=== Problem description ===
Make an exact copy of the listing, without images.

=== Material for the task ===
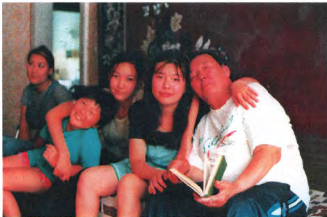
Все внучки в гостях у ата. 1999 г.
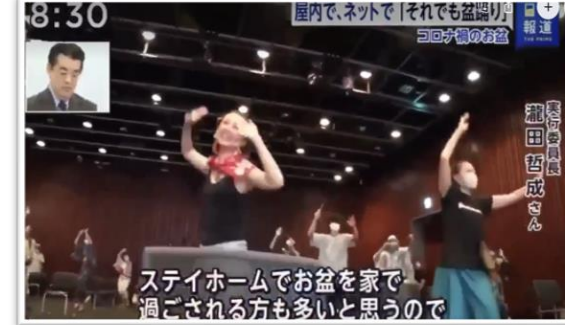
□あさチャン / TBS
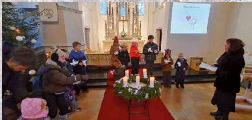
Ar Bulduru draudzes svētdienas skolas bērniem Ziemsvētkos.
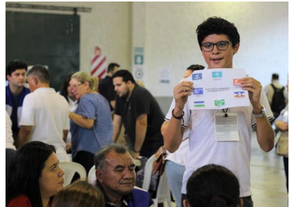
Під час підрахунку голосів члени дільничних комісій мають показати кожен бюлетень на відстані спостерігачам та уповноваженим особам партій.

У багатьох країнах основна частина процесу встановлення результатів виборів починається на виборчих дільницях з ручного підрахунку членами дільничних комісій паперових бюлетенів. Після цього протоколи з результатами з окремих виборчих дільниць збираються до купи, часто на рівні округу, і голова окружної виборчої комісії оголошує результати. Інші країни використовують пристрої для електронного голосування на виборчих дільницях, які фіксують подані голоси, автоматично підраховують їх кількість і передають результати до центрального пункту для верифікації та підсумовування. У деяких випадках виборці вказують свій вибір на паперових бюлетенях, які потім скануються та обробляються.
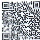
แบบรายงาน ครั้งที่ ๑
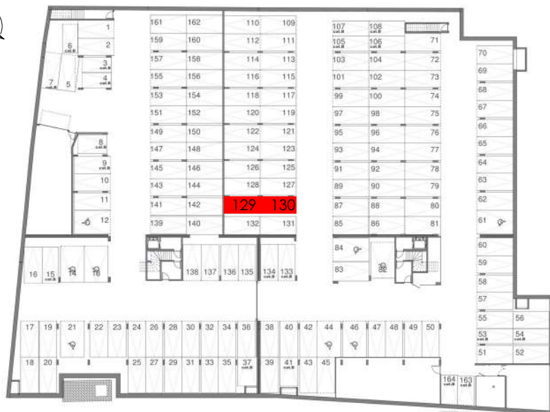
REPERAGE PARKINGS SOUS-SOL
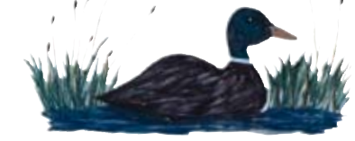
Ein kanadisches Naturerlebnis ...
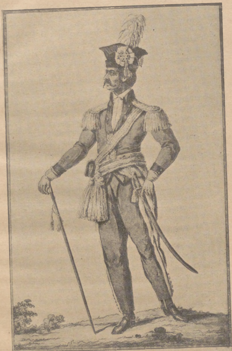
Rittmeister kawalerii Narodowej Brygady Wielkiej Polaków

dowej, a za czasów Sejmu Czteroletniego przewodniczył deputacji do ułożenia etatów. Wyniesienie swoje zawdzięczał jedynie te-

=== Task response ===
Все внучки в гостях у ата. 1999 г.
□あさチャン / TBS
Ar Bulduru draudzes svētdienas skolas bērniem Ziemsvētkos.
Під час підрахунку голосів члени дільничних комісій мають показати кожен бюлетень на відстані спостерігачам та уповноваженим особам партій.

У багатьох країнах основна частина процесу встановлення результатів виборів починається на виборчих дільницях з ручного підрахунку членами дільничних комісій паперових бюлетенів. Після цього протоколи з результатами з окремих виборчих дільниць збираються до купи, часто на рівні округу, і голова окружної виборчої комісії оголошує результати. Інші країни використовують пристрої для електронного голосування на виборчих дільницях, які фіксують подані голоси, автоматично підраховують їх кількість і передають результати до центрального пункту для верифікації та підсумовування. У деяких випадках виборці вказують свій вибір на паперових бюлетенях, які потім скануються та обробляються.
แบบรายงาน ครั้งที่ ๑
REPERAGE PARKINGS SOUS-SOL
Ein kanadisches Naturerlebnis ...
Rittmeister kawalerii Narodowej Brygady Wielkiej Polaków

dowej, a za czasów Sejmu Czteroletniego przewodniczył deputacji do ułożenia etatów. Wyniesienie swoje zawdzięczał jedynie te-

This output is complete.